Happy to generate a log file for this if there is a way.
Is the logging from the hl.init() statement the same log? Looks like I can access that from the terminal of the Terra virtual machine and it looks quite large now.
Oops, sorry, got confused – hl.copy_log is what I meant to point you to. That’s a convenience around using another utility to copy the log from the local disk of the driver machine to a Google bucket / remote FS.
Yeah, the log on that machine is what we want – I do expect it to be somewhat large.
Should I post in here?
Probably won’t fit. Can you email as attachment/drive link to hail-team@broadinstitute.org?
For anyone else following, wanted to post an update on this.

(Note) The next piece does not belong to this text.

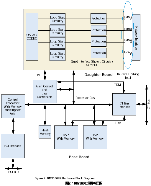 當(dāng)板卡上的呼叫處理資源被利用的時候,網(wǎng)絡(luò)信號就被提取出來并且被送到板卡上的控制處理器中,該處理器可以改變信道狀態(tài)而且可以通過共享的RAM和主機(jī)的PCI總線將信道事件傳送給應(yīng)用程序接口。

I finally was able to run a PCA job after some help from Tim.
We found that my MatrixTable, assembled via import_plink() was not partitioned very efficiently ( you can check this via mt.n_partitions().
We were able to both repartition the data and save/checkpoint as a MatrixTable for added efficiency with
gen = gen.repartition(250).checkpoint('gs://some/[path.mt](http://path.mt)', overwrite=True)
I did have some trouble with the shuffling step of the repartition due to using preemptible nodes, so Tim provided me with the following code for a “no shuffle” repartition:
def no_shuffle_repartition(mt, path1, path2, n_parts):
mt = mt.checkpoint(path1)
return hl.read_matrix_table(path1, _intervals=mt._calculate_new_partitions(n_parts)).checkpoint(path2)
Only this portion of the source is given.